Вступительное слово и перевод с древнегреческого Григория Стариковского
Опубликовано в журнале Интерпоэзия, номер 1, 2014
ОТ ПЕРЕВОДЧИКА
Представленный здесь отрывок из одиннадцатой песни Одиссеи – опыт освобождения от традиции передачи гомеровских текстов русским гекзаметром, лишь отчасти воспроизводящим гекзаметр греческий (см. последнюю главу книги А. Егунова «Гомер в русских переводах XVIII–XIX веков»). Выбранная для перевода пятиударная строка со свободным, «плавающим» ударением, на мой взгляд, позволяет совместить эпическую прозрачность, сценарную документальность «Одиссеи» и ритмичность оригинала.
Не существует единого способа переложения Гомера, способов должно быть много (от силлабического стиха до прозы), как много их в англоязычной среде: достаточно сличить современные переводы «Одиссеи» Ричмонда Латтимора и Стэнли Ломбардо, чтобы понять, что между «Одиссеями» Латтимора и Ломбардо мало общего, и, тем не менее, оба перевода востребованы среди преподавателей американских вузов.
Думаю, что основной вопрос о переводе Гомера – это вопрос о нашем времени: каков может быть новый русский Гомер (если он теперь вообще может быть) в стране, пережившей (но не изжившей) травму сталинизма и страшной войны, в стране изувеченных поколений, в которой половина страны – одиссеи, а остальная половина – циклопы и лестригоны? Каким может быть русский Гомер, когда Россию снова захлестывает волна варварства?
Одиссей и Ахилл
(11.471–540)
Опознала меня душа проворного Эакида
восскорбела, промолвила оперенное
слово:
«Лаэртид, сметливый Одиссей, потомок Зевса,
упрямый, что за трудное дело задумал,
дерзнул спуститься сюда, где обитают мертвые,
тени, лишенные разума, призраки смертных?»

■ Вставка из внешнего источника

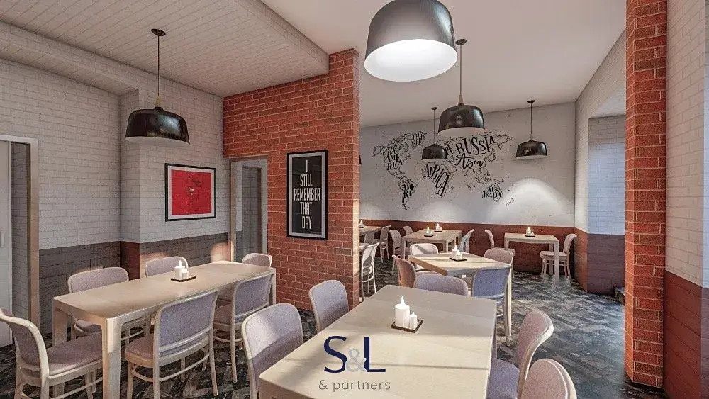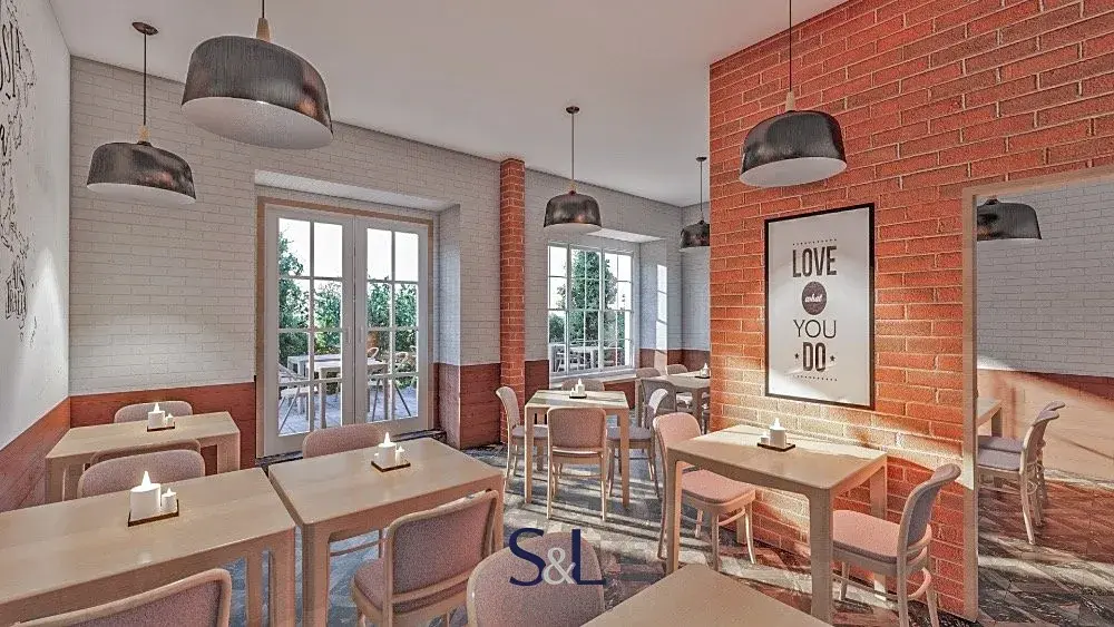 - Suterén (1. PP): hlavní sál s klenutými stropy, ideální pro klubový prostor, menší sál vhodný pro další zázemí nebo oddělenou místnost, sklady, technická místnost s kotelnou a další prostory pro provozní zázemí.

Так он сказал. Я промолвил ответное слово:
«Ахилл, Пелеев сын, храбрейший ахеец,
я приплыл сюда узнать прорицанье Тиресия,
как возвратиться на каменистую Итаку.
Я не достиг Ахейи, не ступал на землю
свою, но все время терплю невзгоды. Не бывает,
Ахилл, блаженней тебя в прошедшем и будущем.
Когда ты был жив, мы чтили тебя как бога,
все аргивяне. Теперь верховодишь мертвыми,
обитая здесь… Ахилл, не терзайся в смерти».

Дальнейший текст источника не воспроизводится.